## Problem statement
Without the pictures, set down everything in the listing exactly.

## Given material
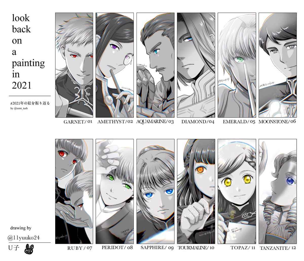#2021年の絵を振り返る テンプレお借りします😆 12ヶ月分並べたかったので達成できて満足です! 毎月のアンケートご協力ありがとうございましたー!! 7月の同票ハンネ様&ベンノさんがどうしようもなくて一番面白かったwww
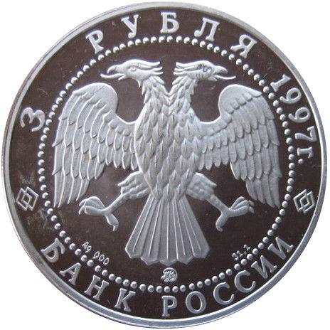 Описание: Двоголовий орел, створений художником І. Білібіним. Написи по краю: зверху — «3 РУБЛЯ 1997 г.» (3 РУБЛЯ 1997), знизу — «БАНК РОССИИ» (БАНК РОСІЇ). Літери нижче позначають метал, пробу, вміст дорогоцінного металу та знак монетного двору.
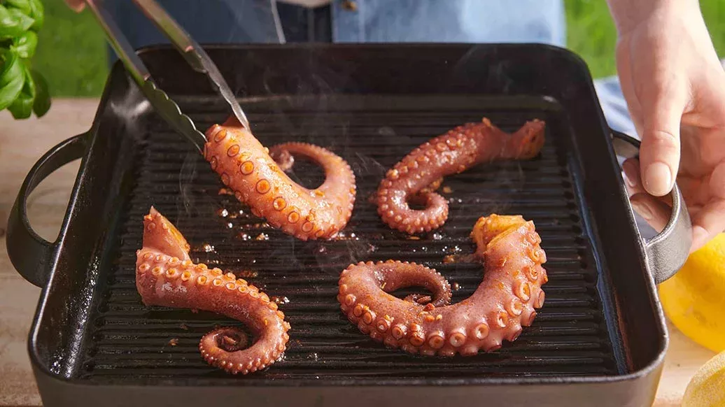 Grill blekkspruten i ca. 3 minutter på hver side. Server med salsa og ponzusmør.
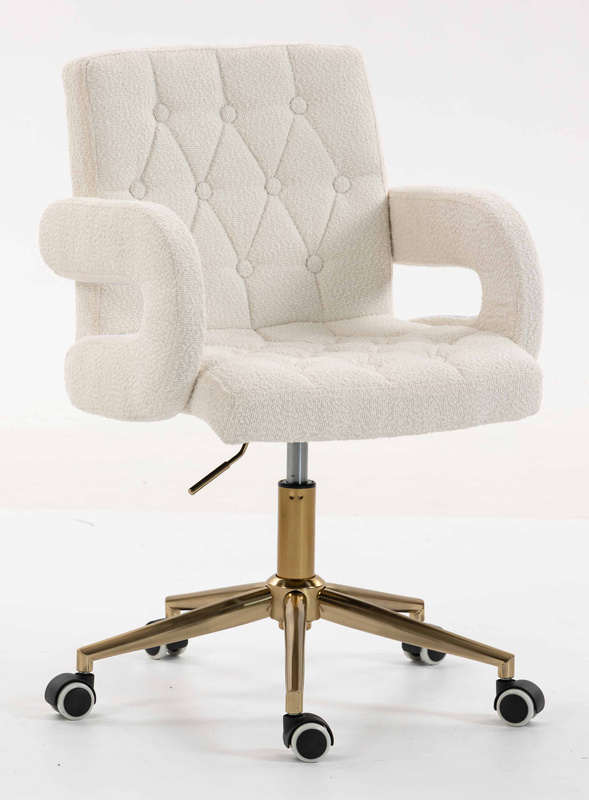 FOTEL HR8404K KREMOWY BARANEK ZŁOTA PODSTAWA

## Solution to this problem
#2021年の絵を振り返る テンプレお借りします😆 12ヶ月分並べたかったので達成できて満足です! 毎月のアンケートご協力ありがとうございましたー!! 7月の同票ハンネ様&ベンノさんがどうしようもなくて一番面白かったwww
 Описание: Двоголовий орел, створений художником І. Білібіним. Написи по краю: зверху — «3 РУБЛЯ 1997 г.» (3 РУБЛЯ 1997), знизу — «БАНК РОССИИ» (БАНК РОСІЇ). Літери нижче позначають метал, пробу, вміст дорогоцінного металу та знак монетного двору.
 Grill blekkspruten i ca. 3 minutter på hver side. Server med salsa og ponzusmør.
 FOTEL HR8404K KREMOWY BARANEK ZŁOTA PODSTAWA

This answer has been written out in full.